- Episode no.: Season 11 Episode 22
- Directed by: John Wells
- Written by: David Zabel
- Original air date: May 19, 2005

Episode chronology
| ← Previous "Carter est Amoureux" | Next → "Cañon City" |
- ER season 11

= The Show Must Go On (ER) =

"The Show Must Go On" is the 22nd and final episode of the eleventh season, and the 245th episode overall, of the American television series ER. Written by David Zabel and directed by John Wells, the episode originally aired on NBC on May 19, 2005. The plot features a farewell party for one of the principal characters, Dr. John Carter, and multiple trauma victims of a porch collapse event.

==Plot synopsis==
Dr. John Carter is back in the States to wrap up his affairs. He purchases half a dozen pizzas for the ER staff, as well as some refreshments. He also treats a patient who has injured her wrist.

Ray is dealing with whether he wants to go into his residency as a doctor. Dr. Archie Morris and Dr. Ray Barnett leave for another party. This party is held on several floors in the back of an apartment building on the balconies at each level. Morris promptly becomes intoxicated, and begins vomiting. Barnett goes to help him. Suddenly the porches collapse, one on top of each other.

Carter then leaves with Dr. Kovač for his "surprise" farewell party, where most of the attending doctors and his friends are waiting for him. County General then stops accepting trauma patients after further problems with the sewer pipes in the hospital leaves them with only one operating room, coupled with the fact that the majority of the ER staff is at Carter's party.

Six people are killed in the porch collapse, and some are not hurt too badly. Five more are critically injured in the accident. Barnett surprises his friends with his handling of the situation. The paramedics on the scene tell Barnett that they are going to take the critically injured to St. Rafe's Hospital because County is closed. County is the only Chicago hospital that has Level I Trauma Status in the show, making it the first choice for such situations. Barnett uses the radio to call County and demands that Abby reopen the ER, otherwise the five critical patients would probably not make it to the hospital.
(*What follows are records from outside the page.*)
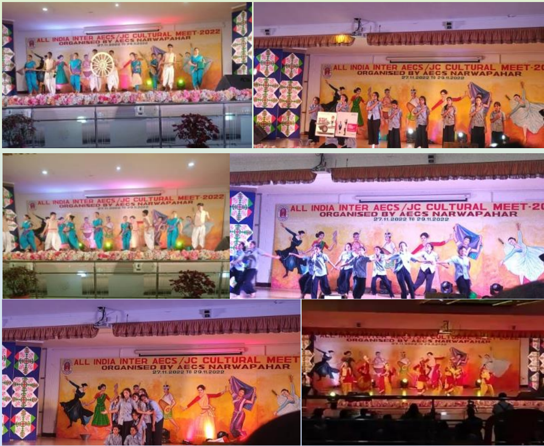
Glimpses of dances performed in All India Inter AECS/JC Cultural Meet-2022 held at AECS Narwapahar

All India Inter AECS/JC Cultural Meet was organized at AECS, Narwapahar on 27 th to 29 th November 2022. The students of our school participated in both junior and senior category. Both the groups made us proud by their spectacular performances at the cultural meet. The students of junior category brought another laurel to our school by winning the first position in All India Inter AECS/JC Cultural Meet. This is the first time AECS Kakrapar is getting a prize in Dance Competition.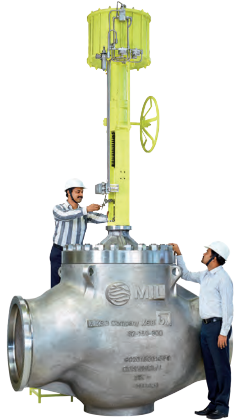
Seawater Service Control valve MIL 41000, 32", 300# ASME Super Duplex for Al Jubail, KSA

Control valves have become key components in offshore and onshore oil & gas industry, both upstream and downstream where applications are demanding due to the high pressure and adverse corrosive conditions experienced on production platforms and refineries. The indelible imprint of MIL quality has made its mark in the Indian fertilizer industry as well, with Ammonia, Urea let down valves and low noise valves for steam applications that are being used at renowned facilities. We have the proud distinction of being associated with the supply of Cryogenic control valves including Bellows sealed & Vacuum jacketed valves for Cryogenic test facilities.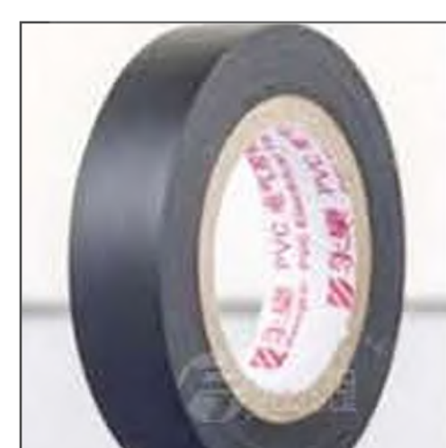
Electric knife tap

Dr. Lockhart initially refuses, as there are no attending physicians and only one OR, but when one of the critical patients dies, she relents.

Unable to reach Dr. Kovač by pager, they send a student over to fetch him. The party immediately evaporates, as everyone runs back to the ER to help the victims of the porch collapse. A surprised Carter returns from the restroom to empty tables. They spend some time watching a slideshow of his time at County. The presentation features past ER doctors, including Dr. Doug Ross (George Clooney), Dr. Mark Greene (Anthony Edwards), and Dr. Peter Benton (Eriq La Salle). Eventually Dr. Susan Lewis brings Carter back to the ER.

Carter treats one last patient before leaving County General. He is surprised to learn that he delivered the young girl with the broken wrist 11 years ago in Season 1.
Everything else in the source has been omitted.